6 months have passed but my heart would say it's a lie.
my heart knows it must be longer than that!
my heart is broken, so i think it has forgotten how to keep track of time.
my mind knows it's been 6 months.
and there are 6 tiny blue stones at my sweet boy's grave, so it must be true.
whether it be 6 months or 6 years, my heart will miss you just the same.
mommy loves you, buddy boo.
i miss you more than you know.
<3


Thursday, June 19, 2014

"at home"

i'm home.
my home, Illinois.
but i don't feel at home.  there isn't anywhere that feels like home anymore, it seems.
home was when i was holding my sweet boy in my arms.
home was when i was kissing his sweet face and taking care of his every need.
i don't feel at home in my own skin anymore.  there is a constant feeling of being lost---like i'm missing something, something important and necessary to survive.  something required in order for me to navigate my way through this life.
i am missing something.
i will forever be missing a most precious part of me, the part of me i was most comfortable with and treasured the most.  the part of me that was home.

i miss my beautiful boy.
i just do.
i am learning to find my way, blindly without him.
i am lost, but i have faith in the path that i am on.  i have faith in the destination it will eventually lead me to.
i have faith because i wouldn't know what to do without it.
i have faith because i need it.
i have faith.

in the last week i have gotten 2 phone calls that, if i had received them just 6 months earlier, would have made me so happy.
it seems as if all the opportunities we had been waiting for, been wishing for, are now becoming available to us.
my beautiful boy had been on the waiting list for the Division of Services for People With Disabilities for 5 years, almost his entire life.  on tuesday i received a phone call that there was great news!  funding has now become available and Connor can start receiving help!
..................................................
 
today i answered the phone to a very nice lady from an organization called SWAN (Syndromes Without A Name).  she was very excited to inform me that Connor was chosen for the exome sequencing i had entered to win several months ago.  this phone call would have meant the world to me if my sweet boy was still alive!  this kind of genetic testing is very expensive and was beyond the realm of possibilities for us to pay for ourselves.  this could have been the testing that lead to answers for my beautiful boy.  this could have been a possible end to the endless frustration of not knowing.  this could have helped my son.
but i cannot live my life wondering what could have been.  i cannot exist in that space of 'what if' or 'why me', or especially 'why him???'
there will never be an answer for that question that i will understand.
i don't understand any of it, but i trust in the divine plan for all of it.
i choose to live in faith, and i am trying my very hardest to embrace and accept what is instead of what could have been.
i am still here, still breathing, still surviving.
i am still living, still loving, still caring for my sweet girl.
i do still feel my sweet boy around me, can still feel his love.
i don't understand God's timing or reasons, but i do have faith in His plan.

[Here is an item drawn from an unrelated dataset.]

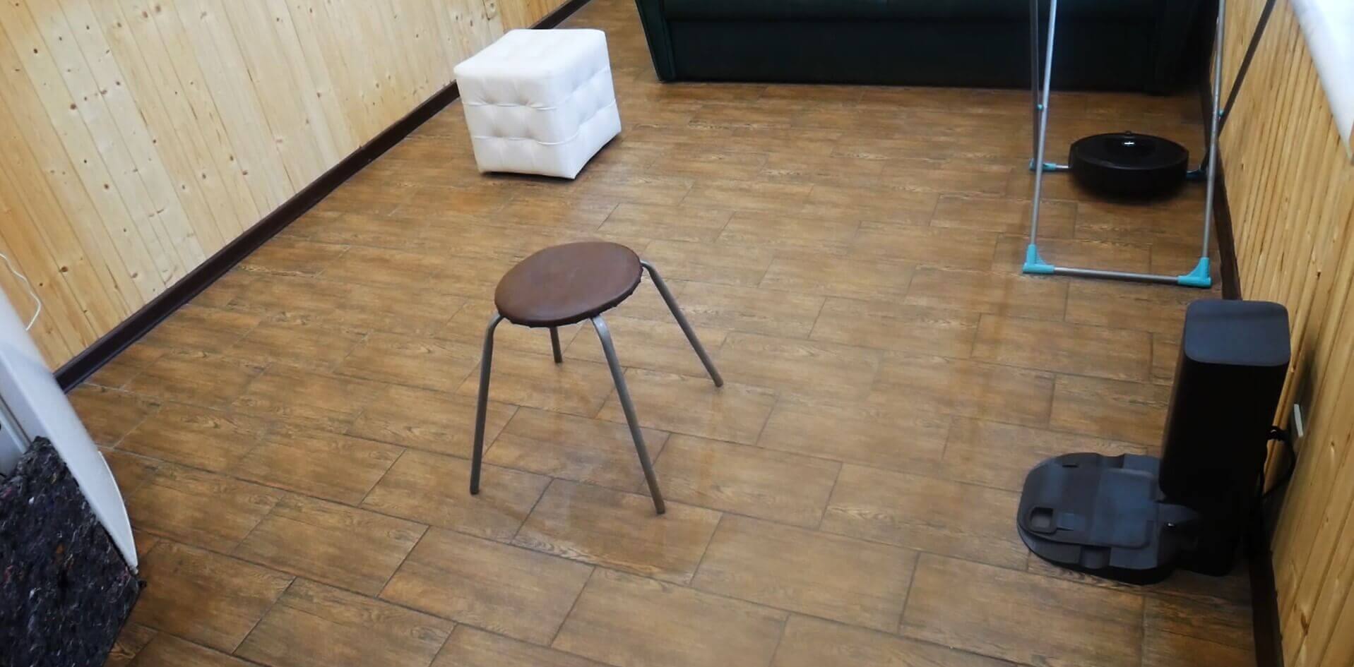 Pereikime prie pagrindinės palyginimo dalies – testų. Pirmiausia palyginsime visų viename kambaryje esančių robotų navigaciją su įvairiomis kliūtimis, su kuriomis dažniausiai susiduriama kasdieniame gyvenime. Tai kėdžių kojos, tamsios zonos robotams su kameromis (sritis už sofos), veidrodžiai robotams su lidaru, drabužių džiovyklės kojos (ant kurių robotai dažnai užstringa) ir tiesiog objektai, esantys roboto kelyje. Mūsų atveju tai yra pufas.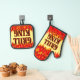 Set De Manoplas Red Flames Cookout BBQ Saying

and while i may not feel at home ever again, it is nice to look out the window and see countless fireflies flickering in the night.
<3

Friday, June 13, 2014

breaking down..

this has been the hardest week for me since my sweet boy died.
i don't know why, exactly.....i just know that i can't breathe again because the ache and the hurt is so strong.
the grief literally takes my breath away.
i have broken  down more times this week than i have in a while.  every night, multiple times throughout the day, while i'm driving, in the middle of a store,  while i'm just sitting doing nothing, while i'm just trying to survive and breathe.
i am breaking down so many times a day i don't feel like i ever really build myself back up.
i am feeling all this hurt, i feel like i'm drowning in this sorrow and grief and i honestly don't know how i can handle the next moment.  i truly feel like this time it could be too much, and there's no physical way i can handle any more of this pain.......
and then i look up and see my sweet girl.
i see her laughing and playing with her friends.
i see her draw me cute little pictures (almost always including little Connie).
and i know that's my reason.
she is  the reason i am able to pick myself up, piece by broken piece, and somehow find the energy and courage to continue on.
and i know my beautiful boy is there, pushing mommy along, giving me those oh so gentle nudges when i need them most, when he sees me at my lowest.
i know all this.
it just doesn't make it hurt any less.

i am going home on Sunday, back home to Illinois for a summer filled with friends and family and love and familiarity------yet there is that painful reminder that my most familiar companion, my precious little boy will not be there this time.
and that hurts so deep down in my soul i don't even think i can comprehend it.
my soul hurts.
my soul aches for my perfect little companion, my truest soul mate.

i miss my sweet boy.
i am a mess.
i am trying.
i am grateful for my sweet, sweet girl.
she saves me every day.
i trust in my Heavenly Father that he has a plan and purpose for me, even in those dark hours where i can't see past my own heartache.
i will see my beautiful angel again someday.
i just wish it didn't hurt so much in the meantime.
<3

Sunday, June 8, 2014

feeling blue.

it's Sunday again.
one more week until we leave for Illinois!!
i am excited to come home.
but i am also sad about not being able to bring my sweet boy with us.
it will be hard.
every day this week has been so hard for me.
i am trying to 'push through it'......i am trying to be strong and 'keep moving forward'......
but it's so hard.
the ache in my heart is constant and at times so strong i can't breathe again.
i can't catch my breath and sobs come instead.
i crawled into my beautiful boy's bed last night and cried as hard as the first night i came home without him.
being home alone when aubrey is away for the night is harder than most other nights.
but i survived, i always do.
i am surviving, it's just a constant hurt, a constant ache, a constant void that cannot be filled.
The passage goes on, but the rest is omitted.